- Origin: New York City, U.S.
- Genres: Crossover thrash, punk metal, NYHC, hardcore punk
- Years active: 1989–2009, 2011–present
- Labels: Upstate, Demons Run Amok, Stillborn, Century Media, Inner Journey
- Members: Lou di Bella; Rich Kennon; Larry Susi; Matt Mangiaracina; Rigg Ross;
- Past members: Javier Carpio (aka SOB); Anthony Schiavo; Jim Eaton; Tim o'Reilly; Jason Kalfin; Larry "The Hunter" Nieroda; Brian "Mitts" Daniels; Joe Capizzi; John Bryan; Mark Levy; Walter "Monsta" Ryan; Eddie Ortiz;

= Subzero (band) =

American punk/metal band

Subzero is a New York hardcore / punk metal band that was formed in 1989.

== History ==
The band was created by Rich Kennon of NYHC band Breakdown and Jim Eaton of the New York-based straight edge band Up Front. After hooking up with singer Lou di Bella and bassist Larry Susi who had played in various local bands in the New York area together, Subzero was finalized. Subzero is one of the longest active bands in the New York hardcore scene, despite a period of inactivity in the late 1990s due to singer Lou di Bella's bout with acute lymphoblastic leukemia. He claims his harrowing experiences while in the hospital and numerous brushes with death have made him into a stronger person, evidenced by the lyrics to their song "Lionhearted", as well as a tongue-in-cheek tattoo across his sternum reading "Cancer killah". The song Lionhearted, from the 2005 Stillborn Records release, The Suffering of Man, earned a music video which debuted on MTV's "Headbangers Ball" and drew in close to one million views on YouTube. The song has become a staple anthem in the bands live set. Subzero have toured the world many times over as headliners and as a support group under national acts as well. They have shared the stages with an array of prominent acts such as Slayer, Hatebreed, Megadeth, Motörhead, The Misfits, Sick of It All, Rancid, Cro-mags, Killswitch Engage, Napalm Death, Iron Maiden, Cannibal Corpse, Eminem and others. They have headlined every major club in Japan, played all the major festivals in Europe. They were one of the first 5 American hardcore bands to ever tour Japan to sold-out audiences. Subzero retains their underground ethics and frequently play small clubs, basements and dive bars.

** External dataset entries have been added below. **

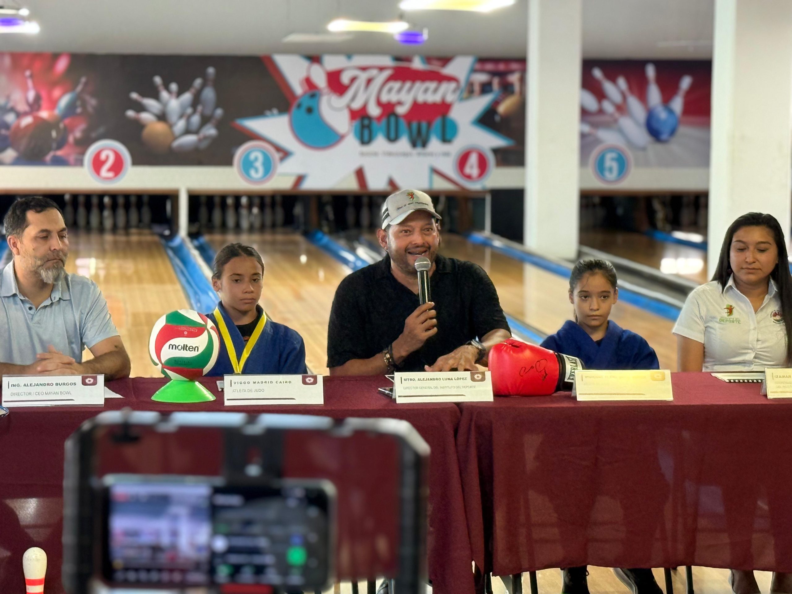 En el evento estuvieron presentes también Izamar Matías Bravata, Coordinadora de Deporte Estudiantil del Instituto del Deporte; Alejandro Burgos, CEO de Mayan Bowl; así como los atletas invitados Viggo Madrid y Elena Ortiz.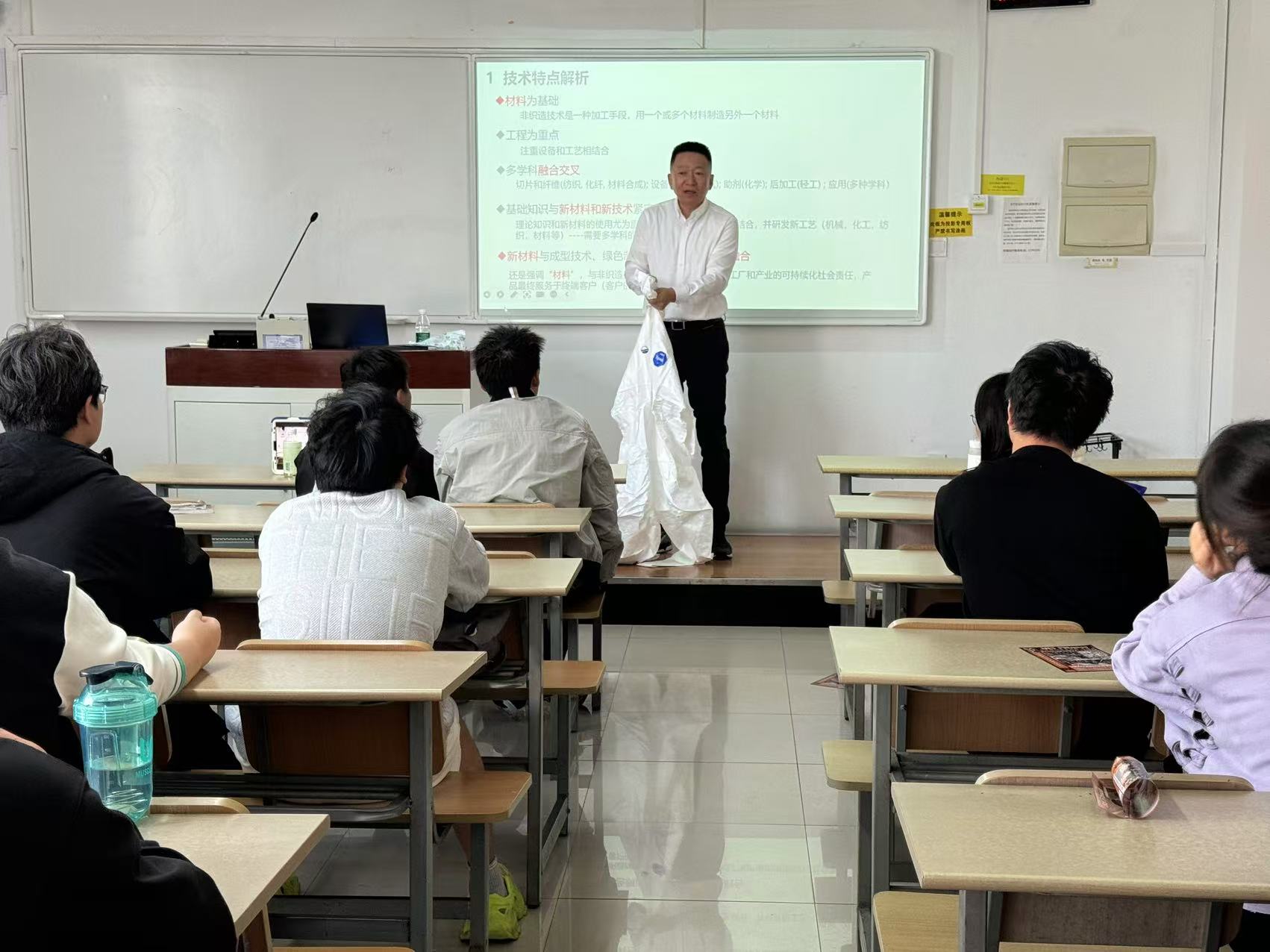 符博士通过展示各类非织造样品,深入浅出地向学生们介绍了非织造产品的加工工艺、产品应用以及非织造产业未来的发展趋势。他的讲解不仅涵盖了理论知识,还结合了实际案例,使学生们对非织造材料有了更直观和深入的理解。在授课过程中,符博士还分享了自己在企业中的经验,为即将进行顶岗实习的学生们提供了宝贵的建议。他强调了理论与实践相结合的重要性,并鼓励学生们在实习期间积极学习、勇于探索,为未来的职业生涯打下坚实的基础。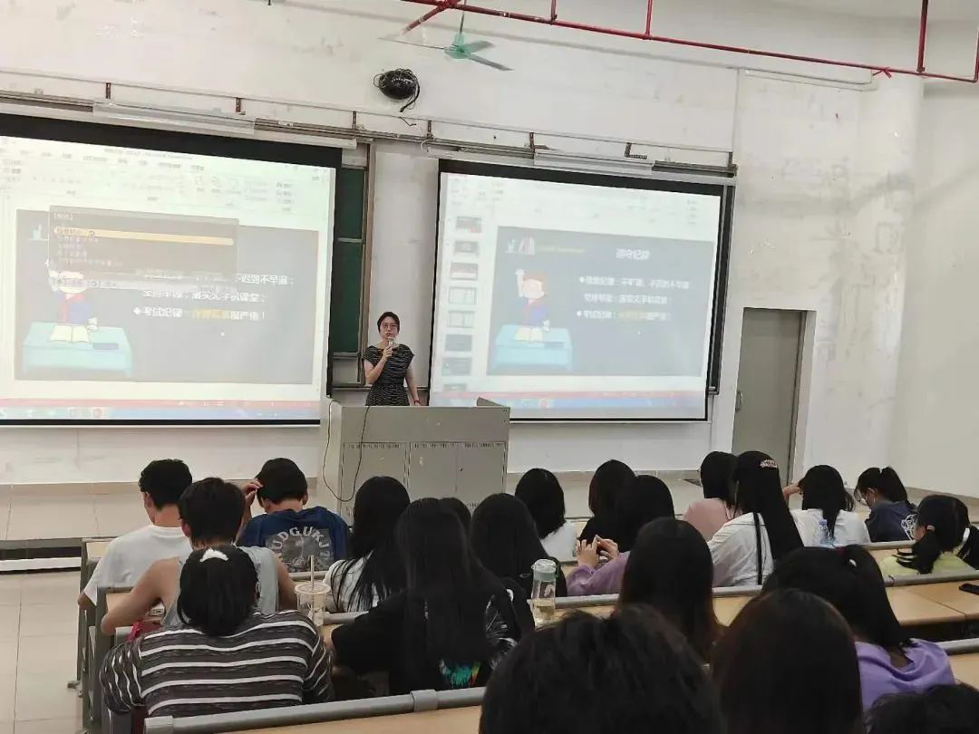 邝健睿首先从考试成绩、课堂考勤和纪律处分等方面对21级过去一年的学习情况作了具体的总结和分析,对违反课堂纪律和考试纪律的情况进行了通报,提醒同学们要严格遵守课堂纪律,今后将严抓日常早读和无手机课堂的落实。随后,她还带领全体参会的同学们集体朗读和学习了《员工手册》中关于课堂纪律和考试纪律的相关管理条例和规定。她指出,来到大学,努力学好知识是每一位同学的责任和义务,要认真学、虚心学、主动学,希望每位同学都能做到课前预习、课上练习、课后复习,掌握正确的学习方式和方法。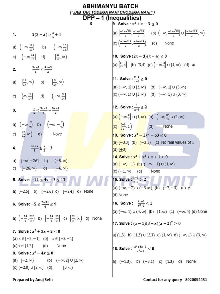 ANSWER KEY: INEQUALITIES (DPP-1)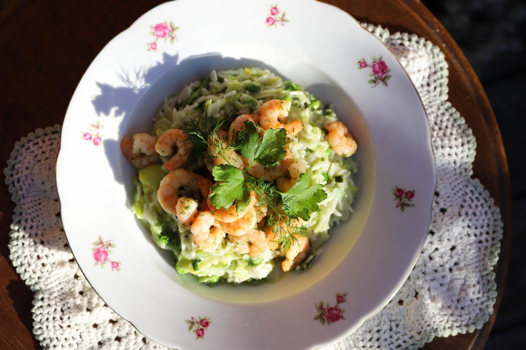 - Dresseer op mooie borden een bodempje van de groenten-rijst mengeling, daarop de garnalen en werk af met de kruiden.
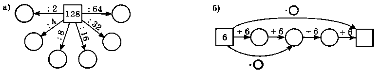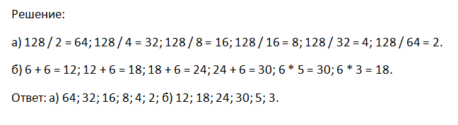 Ответ: а) 64; 32; 16; 8; 4; 2; б) 12; 18; 24; 30; 5; 3.

On September 25, 2020, Subzero released a new digital single entitled, "House of Grief" which will appear on the A side of a two-song vinyl 7" to be released on October 30 under Upstate Records (USA) Demons Run Amok (EU). A 6-song EP entitled "Beauty in Sorrow" is scheduled to be released in winter 2020 under Upstate Records/Demons Run Amok as well.

=== Breakup/Reformation ===
On Sunday February 9, 2009, the band announced that they would be breaking up after "Black n' Blue Bowl 2009". In the fall of 2011 Subzero regrouped and have played an October show with the Cro-mags as well as completing a 12 date headlining tour of Japan with Aggressive Dogs aka Uzi-one.

== Critical reception ==
Decibel Magazine quoted (Sept 2020): "Subzero is one of the most unique, multi-dimensional, enlivening acts to ever grind its way out of the legendary New York hardcore scene, period. I don't think even longtime fans are prepared for the fury and awesomeness the band has harnessed in their recent 2020 sessions. Subzero has put the elements of its past work/evolutions together in a sharper, defter way than ever before and now returns, perhaps improbably, with some of the best material of its storied career.

Metal Maniacs magazine says of the band, "Subzero are one of the most significant forces to be reckoned with in New York hardcore...One of NY's most promising and powerful Hardcore/Metal acts...This style of hardcore sounds like no other..Punctuated by seriously metallic and almost artsy moments."

Maximumrocknroll describes them as "A very powerful package of New York hardcore here but with more intelligence musically and lyrically."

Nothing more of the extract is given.